El paseo en cuestión puede iniciarse en el Mesón del Puerto, que está junto al puente de San Juan, no más pasar el kilómetro 49 de la carretera de los pantanos (M-501). Desde allí, las marcas de pintura blanca y roja del sendero GR-10 nos van a guiar sin pérdida posible por una vereda, primero, y por una pista de tierra, después, que discurren paralelas a la carretera -dirección Madrid- a lo largo de un kilómetro, hasta una bifurcación bien señalada: a la izquierda, un ramal que conduce hacia la lancha del Yelmo; a la diestra, el camino que asciende hacia el alto de la Parada, el nuestro.
Durante la subida, suave pero constante, nos van a acompañar las verdinegras encinas, los pinchudos enebros y, en número mucho mayor, los majestuosos pinos piñoneros (Pinus pinea), alguno de los cuales frisa en los 200 años. Nadie sabría decir si estos extensos pinares que tapizan el suroeste de Madrid son autóctonos o no, pues lo cierto es que esta especie se ha cultivado desde antiguo. Es fama que los jardineros de Roma apreciaban la silueta de su copa aparasolada por su rara perfección, casi escultórica. Silueta acentuada por una labor de poda, conocida como olivación, que se efectúa para estimular la producción de piñas, las cuales se recogen en invierno y se tuestan, o bien se conservan hasta la primavera para sacar el piñón con la ayuda del calor del sol. El piñón va al pastel, al guiso o a la morcillita, y la madera resultante de la poda, a los hogares, donde arde como la pólvora. Este pino es, por último, refugio de animales (rapaces, páridos, picapinos, ardillas), incluido el bípedo implume que come, sestea y freza a su arrimo.
A los cuatro kilómetros -una hora larga desde el mesón-, aparece otra bifurcación: el ramal de la derecha, cerrado al tráfico con barrera, nos va a llevar bordeando el alto de la Parada a través de cortafuegos y repoblaciones acometidas tras el pavoroso incendio de 1966.
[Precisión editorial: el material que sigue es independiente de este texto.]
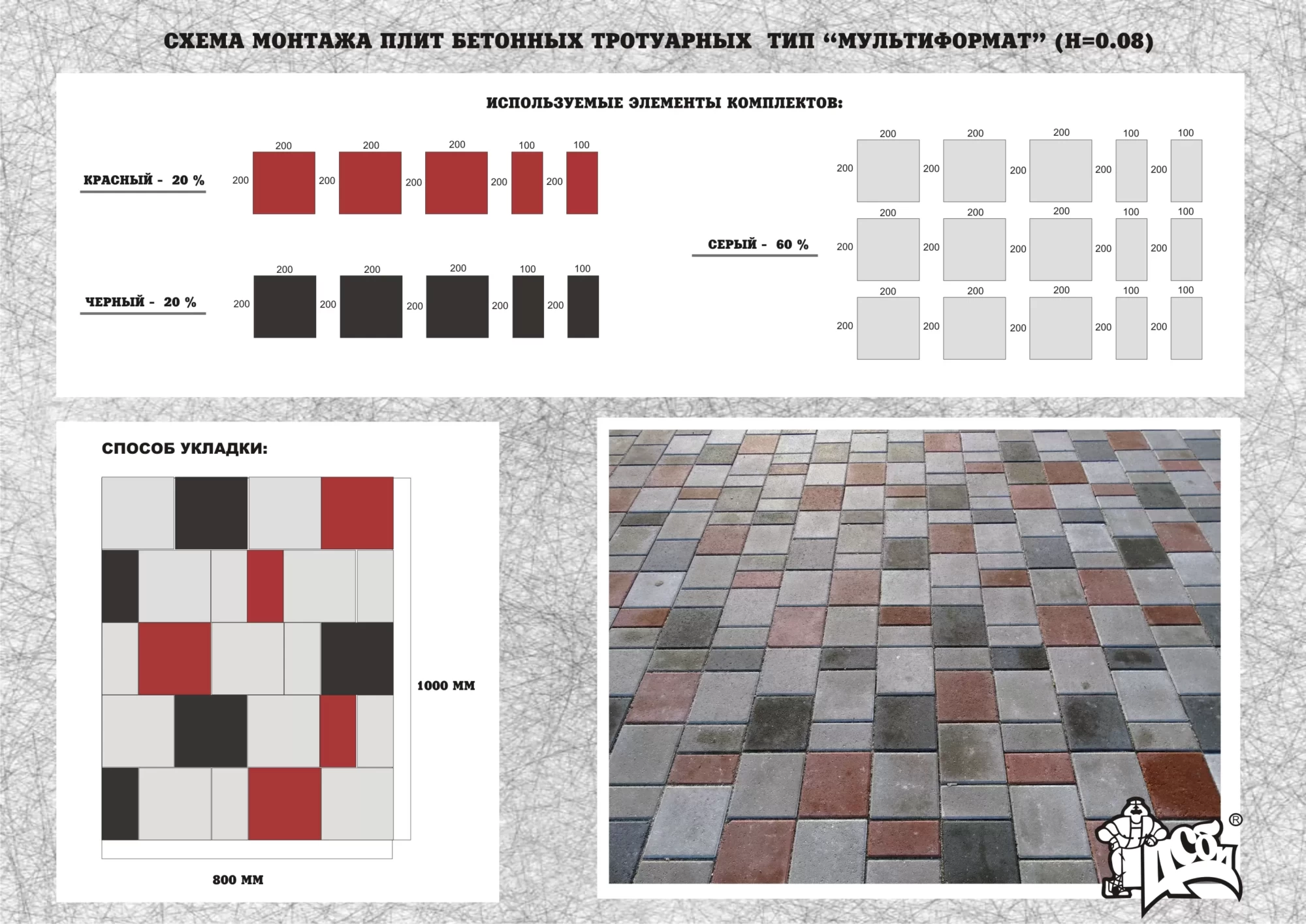 Соотношение элементов при укладке на 1 кв.м — 3 шт (200×200) и 2 шт (200×100). Поставка осуществляется комплектами.

Tres kilómetros más adelante -y van siete, o dos horas de andar-, surge un desvío a la derecha, hacia el profundo Valle-Frías, que no tomamos; de frente, continúa la pista, y a la izquierda cae una barranca sin más camino que una trocha de cabras por la que vamos a dar en 10 minutos a una nueva pista -carretera del Infante la llaman-, junto a una granja. El regreso podemos efectuarlo sin salirnos de ella; o, mejor aún, tomando por el primer desvío a la derecha, y, acto seguido, a la izquierda, para pasar junto a la lancha del Yelmo, una gigantesca peña ovoidal de granito que se empina 100 metros sobre el embalse, con un mirador en la cima y varios pinos que crecen milagrosamente sobre la roca viva.